**Collected data:**
────────
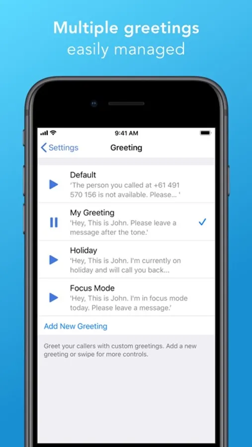 World Voicemail makes it easy for you to record your personalized greeting. Change it every season, or if you're away on holiday.
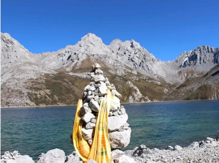 這樣的天然風景,自帶濾鏡,隨便定格一張就是桌面級風景。湖畔邊瑪尼堆是超棒的道具,文藝范兒十足的寫真隨手拈來。
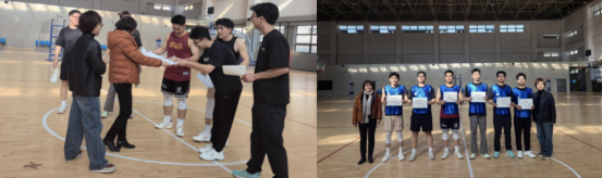 比赛结束后,师生球员们友好握手、相互致意,汗水浸透的球衣见证了赛场的拼搏,更凝聚了超越胜负的师生情谊。通过出色表现,李梦阳同学荣获“最有价值球员”称号,郭相如、李亮亮、张运泽等同学荣获优秀奖。
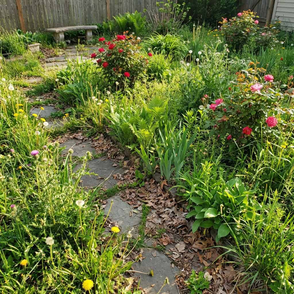 Bulbs come up in places you did not plant them. Perennials emerge in organized rows you did not notice under the weeds. A rose bush blooms against the fence. An herb garden reveals itself near the kitchen door. A stone path appears under the dead leaves.
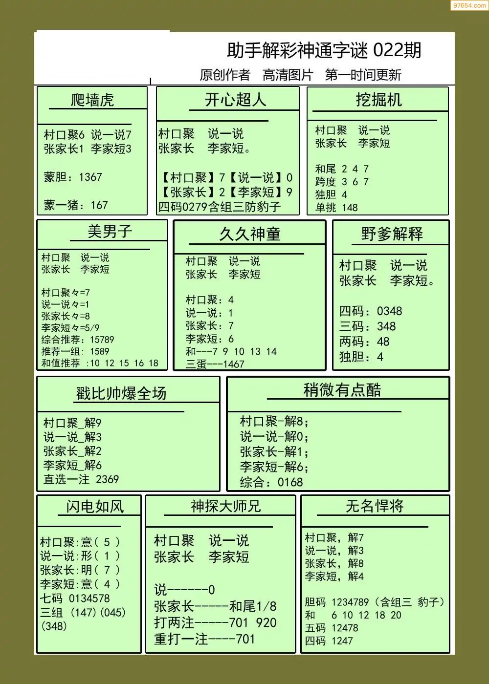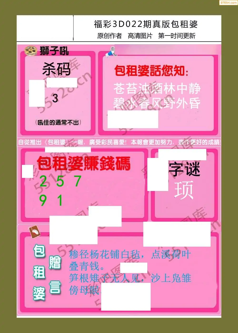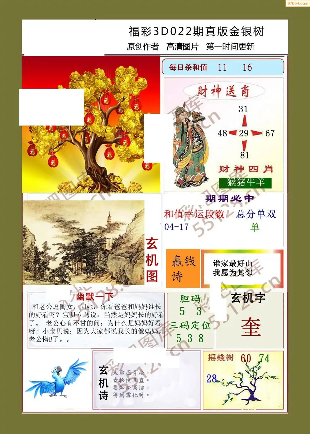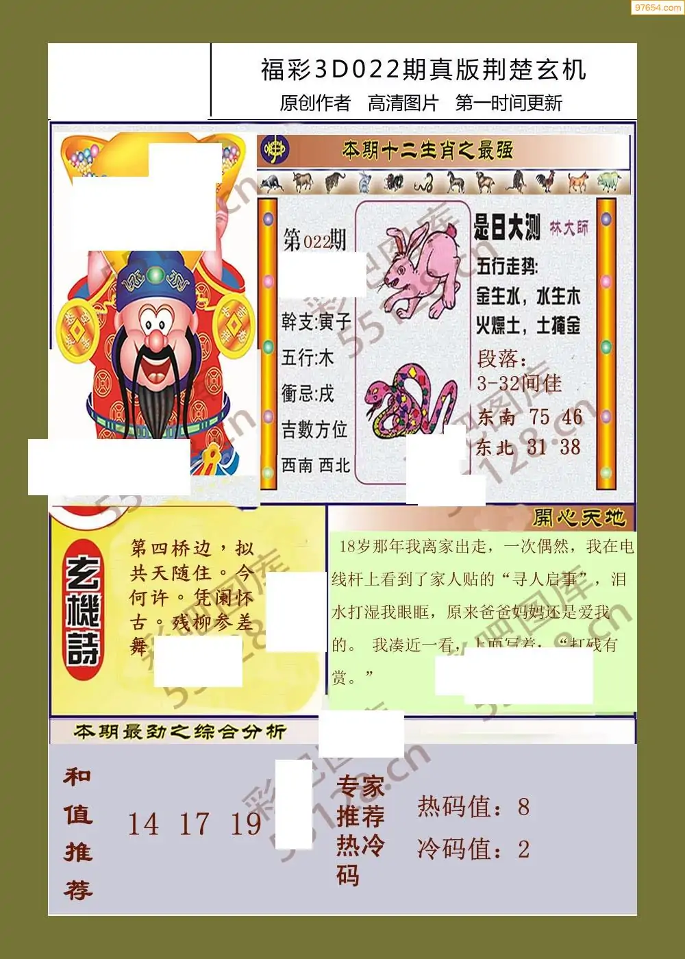 福彩3D022期天牛彩吧套图整合总汇
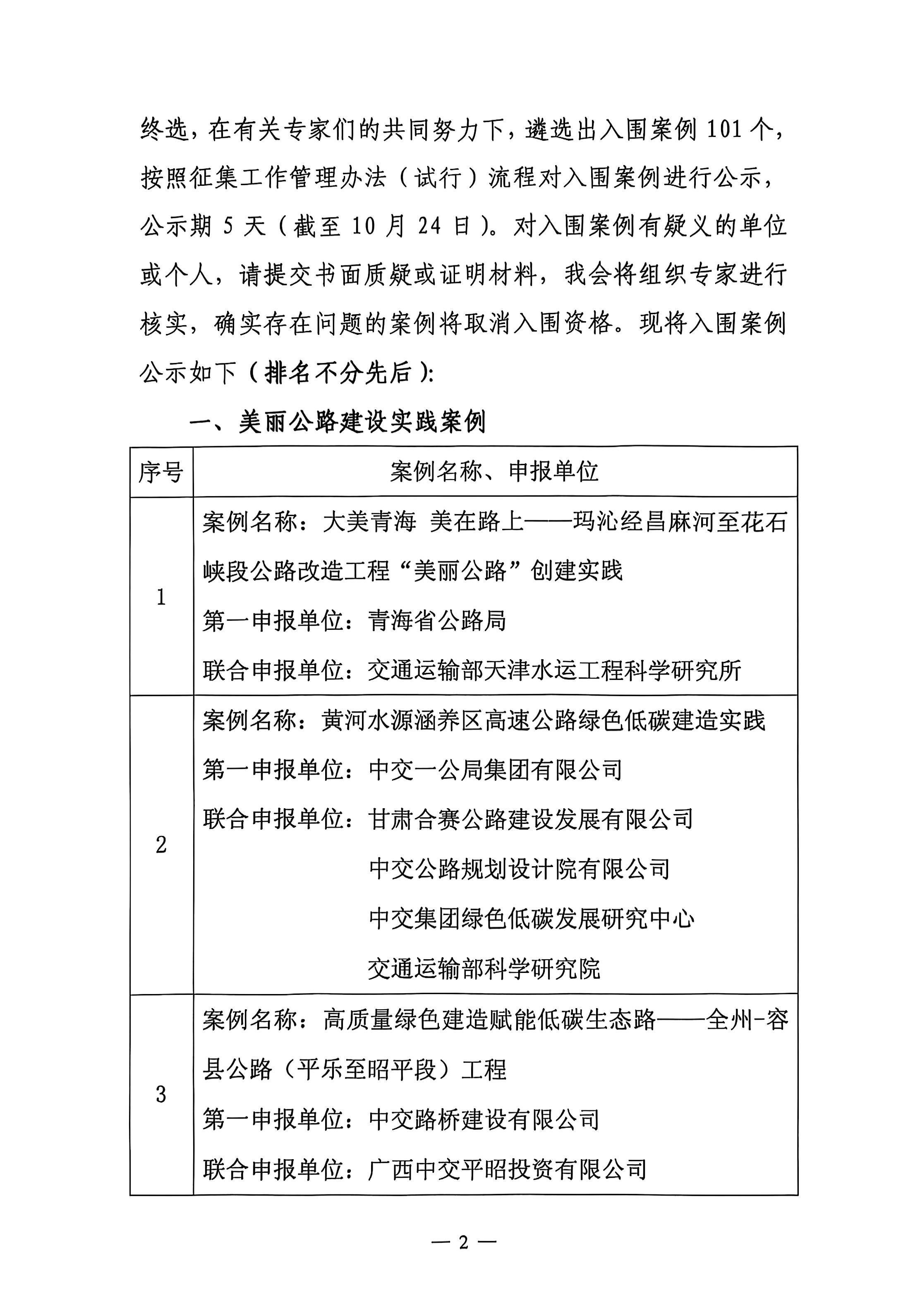 关于2025美丽交通建设实践案例入围结果的公示
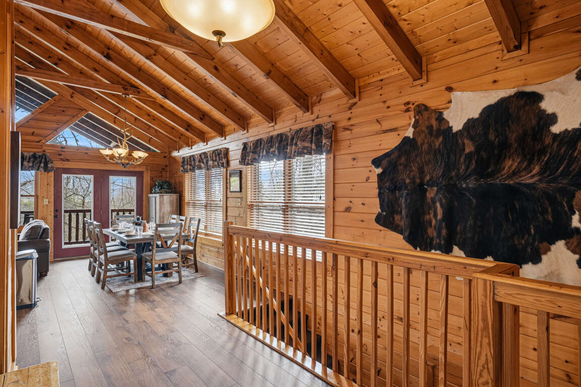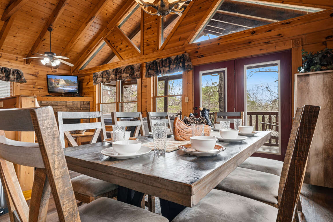 Enjoy meals together at the large wood dining table with seating for 8 guests. The open layout allows everyone to gather comfortably while still enjoying the surrounding living space.
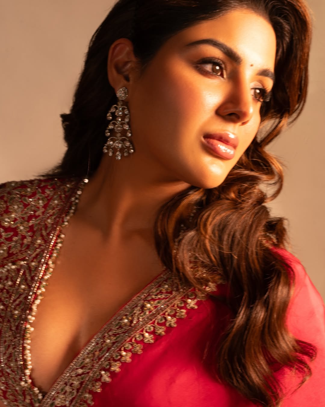 By: Tupaki Desk | 18 May 2025 8:46 PM ISTSamyuktha Menon, the talented actress known for her expressive eyes and elegant presence recently set Instagram on fire with her latest picture in a stunning red saree. Styled by @jukalker, she wore a gorgeous saree from @ridhimehraofficial, paired with dazzling jewellery by @akoyajewels. Her makeup, done by @sadhnasingh1,and hair styled by @kamaldeepss, perfectly complemented her look. The picture was captured beautifully by photographer @kannasrihari, while the styling team included @pratimajukalkar and @theblindersstudio. Actress. aptioned the post “Laal ❤️❤️ >>>>.”
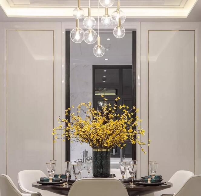 墻面亮白色的護(hù)墻板加上亮金色鋼條組合,簡(jiǎn)化了歐式繁復(fù)的做法,能夠體現(xiàn)出當(dāng)代生活下的歐式高貴情結(jié)。
────────
**Problem details:**
Give the entries above again word for word, without the pictures.

**Task result:**
 World Voicemail makes it easy for you to record your personalized greeting. Change it every season, or if you're away on holiday.
 這樣的天然風景,自帶濾鏡,隨便定格一張就是桌面級風景。湖畔邊瑪尼堆是超棒的道具,文藝范兒十足的寫真隨手拈來。
 比赛结束后,师生球员们友好握手、相互致意,汗水浸透的球衣见证了赛场的拼搏,更凝聚了超越胜负的师生情谊。通过出色表现,李梦阳同学荣获“最有价值球员”称号,郭相如、李亮亮、张运泽等同学荣获优秀奖。
 Bulbs come up in places you did not plant them. Perennials emerge in organized rows you did not notice under the weeds. A rose bush blooms against the fence. An herb garden reveals itself near the kitchen door. A stone path appears under the dead leaves.
 福彩3D022期天牛彩吧套图整合总汇
 关于2025美丽交通建设实践案例入围结果的公示
 Enjoy meals together at the large wood dining table with seating for 8 guests. The open layout allows everyone to gather comfortably while still enjoying the surrounding living space.
 By: Tupaki Desk | 18 May 2025 8:46 PM ISTSamyuktha Menon, the talented actress known for her expressive eyes and elegant presence recently set Instagram on fire with her latest picture in a stunning red saree. Styled by @jukalker, she wore a gorgeous saree from @ridhimehraofficial, paired with dazzling jewellery by @akoyajewels. Her makeup, done by @sadhnasingh1,and hair styled by @kamaldeepss, perfectly complemented her look. The picture was captured beautifully by photographer @kannasrihari, while the styling team included @pratimajukalkar and @theblindersstudio. Actress. aptioned the post “Laal ❤️❤️ >>>>.”
 墻面亮白色的護(hù)墻板加上亮金色鋼條組合,簡(jiǎn)化了歐式繁復(fù)的做法,能夠體現(xiàn)出當(dāng)代生活下的歐式高貴情結(jié)。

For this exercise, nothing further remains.